Grønland brought the expedition as far as Cairo, where the expedition continued over land to explore the Arabian Peninsula (in particular present day Yemen) and the Red Sea. Only one member of the expedition, Carsten Niebuhr, survived and returned to Denmark in 1767, but he brought with him the enormous collections, especially those of Forsskål. His descriptions of animals collected, together with drawings and sketches by Baurenfeind, were posthumously published as the book Descriptiones Animalium, which stands out as one of the most important contributions to natural history in the 18th century. Many of the specimens collected by Forskål are today among the most valued treasures of the Natural History Museum of Denmark. Also, the many detailed maps made by Niebuhr and ethnographic observations and artifacts collected by the expedition still today provide one of the most important sources of information about life in 18th-century Yemen.

== Later years ==
Grønland mostly served in Danish waters, but after a major overhaul in 1769, she was again sent to the Mediterranean in 1770 in what is known as the Danish–Algerian War. This time under the command of Commander Count Moltke and in a fleet that also included three other ships of the line, two frigates, two gunboats, and two transport ships, in total 3000 seamen and 516 soldiers.

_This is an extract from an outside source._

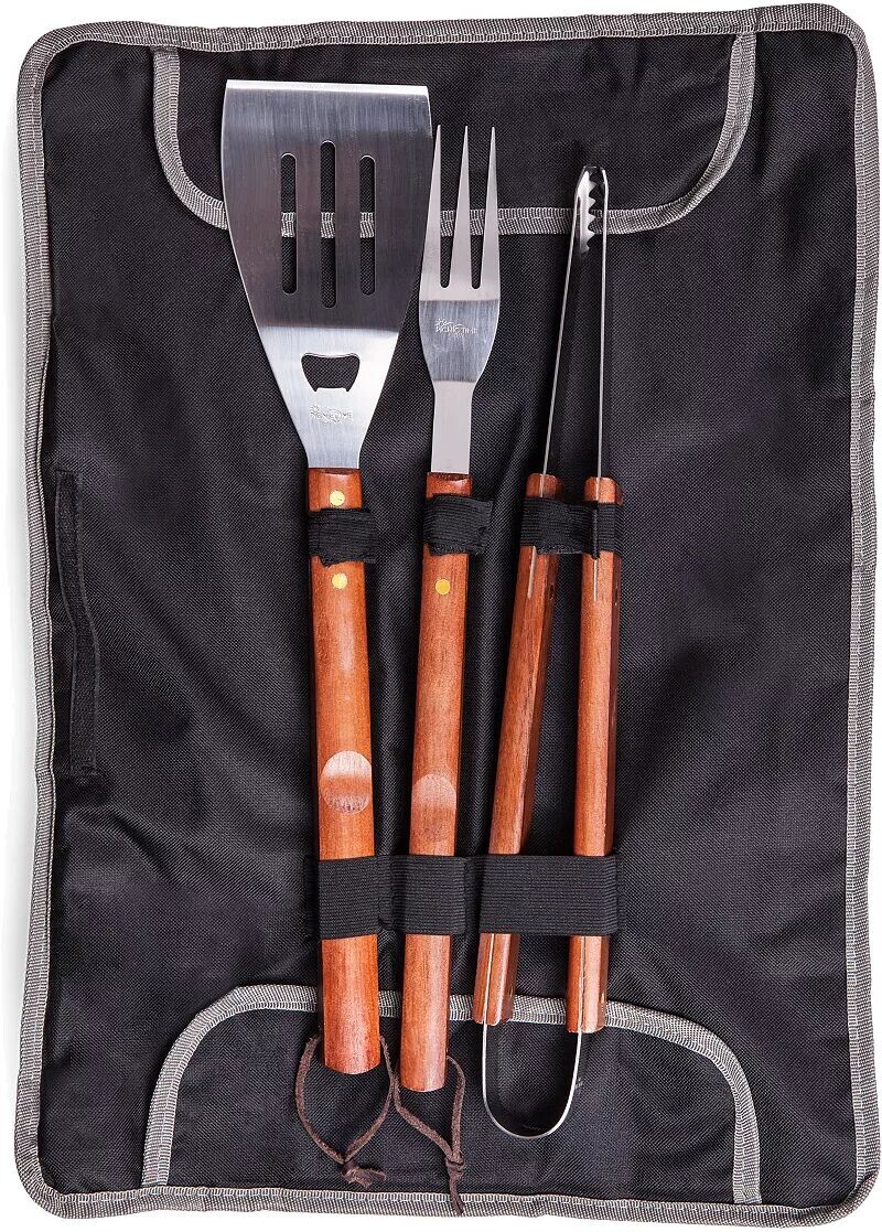 • Лопатка из нержавеющей стали с длинными деревянными ручками, встроенная открывалка для бутылок, одна вилка для барбекю. и щипцы.

The fleet was sent on a mission to resolve a dispute with the Dey of Algiers about the taxes paid by Dano-Norwegian ships for passage. The fleet, under the command of Admiral Frederik Christian Kaas, bombed Algiers from the sea, but was unsuccessful in making a deal with the Dey. Two years later Greenland again returned to Algiers, this time under the command of Admiral Hoogland, and negotiated a treaty with the Dey.

After returning to Copenhagen, Grønland served as a guard ship and in the last years as part of the moored blockade of Copenhagen, until she was decommissioned in 1791.